Rivalling this strong uptrend in Islamic banking is the growth of the Takaful and Islamic capital market sectors, according to the official. “Based by several legal and regulatory initiatives for these sectors — including issuance of news laws and regulations — currently three Islamic funds and two takaful companies are operating in the Sultanate. Similarly, a Sharia Index at the Muscat Securities Market with over 30 Sharia compliant companies have been launched. Moreover, four sovereign sukuk and five corporate Sukuk have been issued so far, with a variety of structures and currencies,” he noted.

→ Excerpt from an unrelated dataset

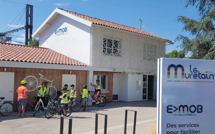 Le Muretain Agglo a décidé d'y implanter un espace pour répondre aux différentes problématiques liées aux déplacements autour, et vers la gare (Bus, vélo et train). Cet espace dénommé E-mob est un espace d'accueil dans lequel un grand nombre de services liés au vélos sont proposés (Atelier mécanique, apprentissage à la conduite, sécurité, pour tous les publics) et nouveauté, depuis le 1er septembre 2025, la possibilité de louer un vélo électrique à moindre coût.

In his address, the Executive Vice- President said the Sultanate was endowed with all of the “ingredients” necessary to support the growth of a thriving domestic ‘Islamic economy’. He cited in this regard Oman’s “educated and energised youth, high quality infrastructure and business friendly policies”. These characteristics had enabled the Sultanate to be recognised internationally in recent months, he noted. “A few weeks ago, World Bank’s Ease of Doing Business 2020 annual report ranked Oman at 68th position globally, an advancement of 10 positions from the previous year.

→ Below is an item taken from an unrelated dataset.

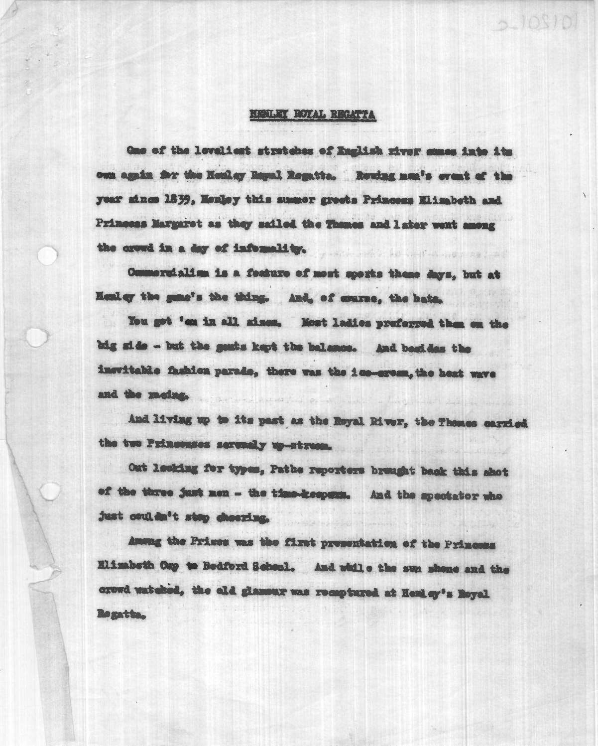 Commentary, 'Henley Royal Regatta', Pathe News Issue No. 46/55, 11 Jul 1946. https://learningonscreen.ac.uk/newsonscreen/search/index.php/document/101201_commentary (Accessed 12 Apr 2026)

The Sultanate also ranked first in the GCC in the “trading across borders” index,” he said.
The ‘Islamic Economy’, Dr Al Yahyaei stressed, should also be harnessed to support businesses with their funding requirements, thereby fuelling the growth of the national economy.
“Islamic banking entities should aim to offer innovative solutions to meet the needs of small and mediums enterprises, services sector and agriculture, while following the Islamic finance core principles of fairness, transparency and risk sharing. The provision of finance to these sectors will allow creating employment, promoting business and diversifying the economy.”
He also called upon Islamic banks to explore the integration of Islamic finance with social finance tools such as waqf, zakat and sadaqah to help achieve greater financial inclusive and thereby cater to the underserved and encourage wealth distribution as well.
“Similarly, stakeholders should not forget to enhance consumer experience by offering innovative solutions for credit, business and shopping by the use of digital channels and e-delivery solutions,” he added.